Comme gage de leur bonne foi, les combattants démobilisés de ganda Iso ont remis plus de 366 armes aux autorités représentées par le gouverneur de la région de Gao Kalifa Kéita, en présence du Consul de la Libye au Mali, Moussa El De Koni, dont le pays a promis d’aider à l’insertion socio économique de ses ex- combattants. Les armes ont été brûlées dans le cadre d’une symbolique flamme de la paix, devant les représentants des différentes communautés et dans une ambiance festive qui rassure sur l’esprit de paix et de tolérance qui règne désormais dans la zone.
Du beau monde avait fait le voyage de Fafa, localité située dans la commune rurale de Watagouna, dans le cercle d’Ansongo. Outre le gouverneur de la région de Gao, on notait la présence de l’émissaire du chef de l’Etat, Eglass Ag Ouffen, chargé de mission à la Cellule de la sécurité nationale, du président du conseil de cercle de Gao, celui de la Commission nationale de lutte contre la prolifération des armes légères, le colonel Sirakoro Sangaré et le chef d’Etat major de l’opération Djgui Tougou, le colonel Oumar Diawara.

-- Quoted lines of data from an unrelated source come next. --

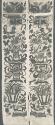 DescriptionFlowers in urns, musical instruments, and a box of books embroidered in color on a blue brocaded summer silk.
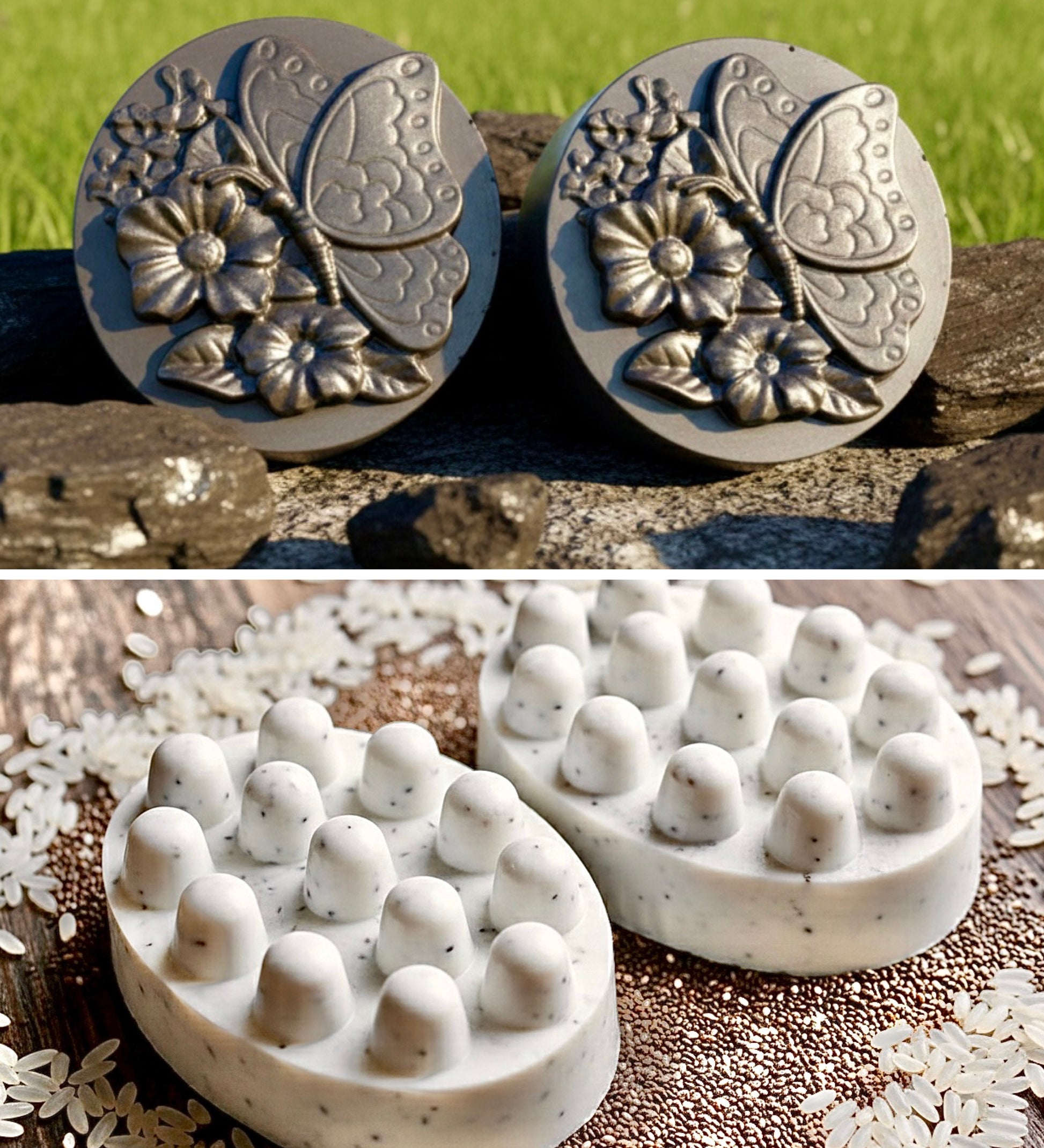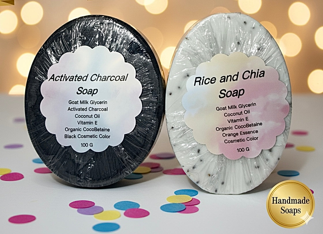 Set de Jabones Artesanales Naturales y Orgánicos. Jabon de Carbon Activado Elimina Impurezas y Exceso de Grasa y Jabon de Arroz y Chia Suavidad y Nutrición de tu Piel.
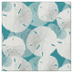 Stoff mit Sand Dollar Muster in weiß und hellblau. Der Hintergrund ist dunkel aquamarin, blau-grün und leicht zu verändern. Große und kleine Sand Dollars überlappen sich, um dieses Stranddesign zu schaffen. Wählen Sie ein beliebtes Material und Größe.
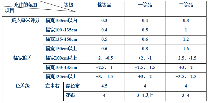 ●外觀質(zhì)量檢驗(yàn)根據(jù):染色不勻、染色條花、橫檔、跳花、油污等疵點(diǎn)情況,結(jié)合評(píng)分標(biāo)準(zhǔn)評(píng)分,由評(píng)分?jǐn)?shù)評(píng)等。
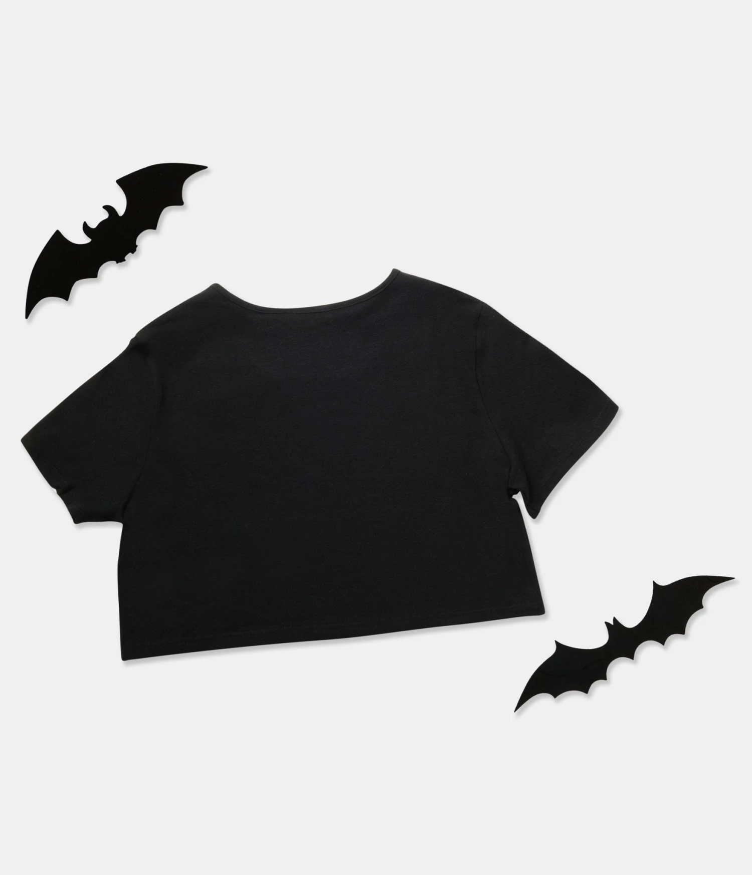 This crop top is crafted in black cotton and features a mesh bat shaped cutout on the bodice front. Complete with short sleeves and cropped length for a spooky classic silhouette!

Côté libyen, le consul Moussa De El Koni était accompagné de Mohamed Abdoul Karim, secrétaire général du Consulat et de Mohamed Ibrahim chargé de mission. La délégation libyenne revenait de Tidjalalène dans la communauté des Idnanes et de Tessit chez les Imgades, dans la région de Gao, où elle avait auparavant procédé à la remise de la somme de 240 millions FCFA à des ex-combattants touaregs pour leur insertion sociale. Nous reviendrons sur cette étape dans notre parution de demain, vendredi.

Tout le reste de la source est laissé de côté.